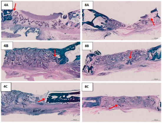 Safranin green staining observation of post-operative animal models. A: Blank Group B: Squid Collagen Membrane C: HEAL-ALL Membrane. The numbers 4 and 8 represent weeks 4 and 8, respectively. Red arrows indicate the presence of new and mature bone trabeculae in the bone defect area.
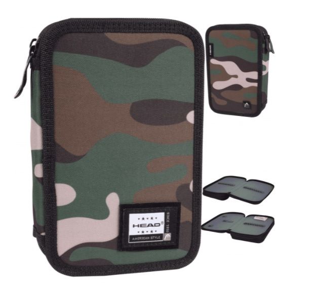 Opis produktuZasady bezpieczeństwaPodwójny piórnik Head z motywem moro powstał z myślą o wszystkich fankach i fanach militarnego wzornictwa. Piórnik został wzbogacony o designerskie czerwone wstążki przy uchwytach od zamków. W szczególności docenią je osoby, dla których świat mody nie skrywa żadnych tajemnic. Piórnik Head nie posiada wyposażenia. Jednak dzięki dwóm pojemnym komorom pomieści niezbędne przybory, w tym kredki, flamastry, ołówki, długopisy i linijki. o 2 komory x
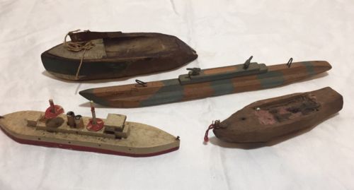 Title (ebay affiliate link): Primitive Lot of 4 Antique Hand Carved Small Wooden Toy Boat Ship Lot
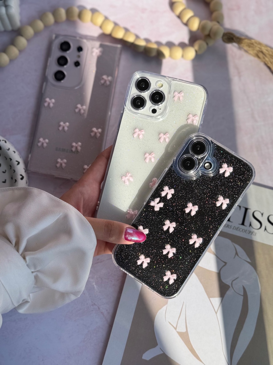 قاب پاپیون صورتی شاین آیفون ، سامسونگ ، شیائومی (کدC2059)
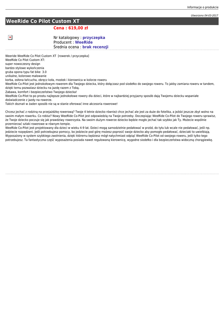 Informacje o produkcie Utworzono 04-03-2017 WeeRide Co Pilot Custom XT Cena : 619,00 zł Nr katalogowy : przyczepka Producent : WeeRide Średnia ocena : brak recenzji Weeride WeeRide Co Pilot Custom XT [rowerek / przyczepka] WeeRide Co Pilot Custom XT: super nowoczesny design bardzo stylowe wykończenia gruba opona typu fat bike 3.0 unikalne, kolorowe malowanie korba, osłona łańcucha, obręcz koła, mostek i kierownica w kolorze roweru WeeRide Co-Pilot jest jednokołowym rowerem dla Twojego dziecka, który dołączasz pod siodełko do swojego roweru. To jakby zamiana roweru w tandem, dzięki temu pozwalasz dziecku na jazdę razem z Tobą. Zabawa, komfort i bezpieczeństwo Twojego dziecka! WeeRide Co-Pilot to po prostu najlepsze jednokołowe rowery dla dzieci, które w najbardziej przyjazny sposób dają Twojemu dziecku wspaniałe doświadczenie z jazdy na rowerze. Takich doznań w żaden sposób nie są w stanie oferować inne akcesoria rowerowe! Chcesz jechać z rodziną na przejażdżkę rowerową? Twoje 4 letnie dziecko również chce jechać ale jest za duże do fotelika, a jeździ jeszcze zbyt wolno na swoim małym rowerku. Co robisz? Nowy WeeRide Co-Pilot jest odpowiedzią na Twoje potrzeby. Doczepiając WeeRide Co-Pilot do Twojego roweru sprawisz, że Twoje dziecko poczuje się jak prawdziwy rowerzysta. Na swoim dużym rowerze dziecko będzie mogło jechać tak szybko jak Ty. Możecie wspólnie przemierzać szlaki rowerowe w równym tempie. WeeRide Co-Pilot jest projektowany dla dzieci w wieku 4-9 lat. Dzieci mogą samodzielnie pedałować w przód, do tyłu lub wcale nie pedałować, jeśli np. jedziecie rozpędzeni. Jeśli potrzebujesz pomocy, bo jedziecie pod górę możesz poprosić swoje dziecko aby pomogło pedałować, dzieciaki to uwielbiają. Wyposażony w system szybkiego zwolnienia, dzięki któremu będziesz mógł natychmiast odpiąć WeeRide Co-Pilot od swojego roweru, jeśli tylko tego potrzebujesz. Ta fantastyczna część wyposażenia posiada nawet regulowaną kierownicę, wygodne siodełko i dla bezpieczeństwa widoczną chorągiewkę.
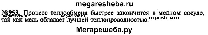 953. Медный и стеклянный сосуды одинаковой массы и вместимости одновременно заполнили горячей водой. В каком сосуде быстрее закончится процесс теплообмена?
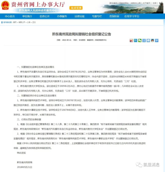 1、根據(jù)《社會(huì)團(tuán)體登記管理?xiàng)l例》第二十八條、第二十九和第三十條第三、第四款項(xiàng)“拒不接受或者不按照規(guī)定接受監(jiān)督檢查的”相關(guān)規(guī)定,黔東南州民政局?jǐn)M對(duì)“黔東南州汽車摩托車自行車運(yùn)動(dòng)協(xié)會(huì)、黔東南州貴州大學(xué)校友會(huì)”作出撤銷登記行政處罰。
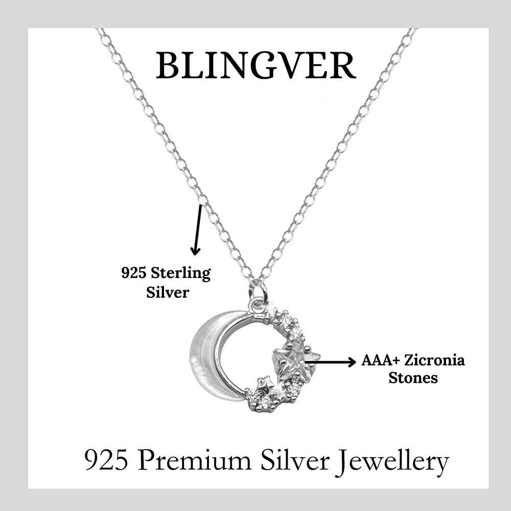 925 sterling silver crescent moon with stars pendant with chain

§ About this exercise
Write out the lines from the start of the material to the line with "قاب پاپیون صورتی", inclusive and exactly. Skip the pictures.

§ Result of the exercise
 Safranin green staining observation of post-operative animal models. A: Blank Group B: Squid Collagen Membrane C: HEAL-ALL Membrane. The numbers 4 and 8 represent weeks 4 and 8, respectively. Red arrows indicate the presence of new and mature bone trabeculae in the bone defect area.
 Opis produktuZasady bezpieczeństwaPodwójny piórnik Head z motywem moro powstał z myślą o wszystkich fankach i fanach militarnego wzornictwa. Piórnik został wzbogacony o designerskie czerwone wstążki przy uchwytach od zamków. W szczególności docenią je osoby, dla których świat mody nie skrywa żadnych tajemnic. Piórnik Head nie posiada wyposażenia. Jednak dzięki dwóm pojemnym komorom pomieści niezbędne przybory, w tym kredki, flamastry, ołówki, długopisy i linijki. o 2 komory x
 Title (ebay affiliate link): Primitive Lot of 4 Antique Hand Carved Small Wooden Toy Boat Ship Lot
 قاب پاپیون صورتی شاین آیفون ، سامسونگ ، شیائومی (کدC2059)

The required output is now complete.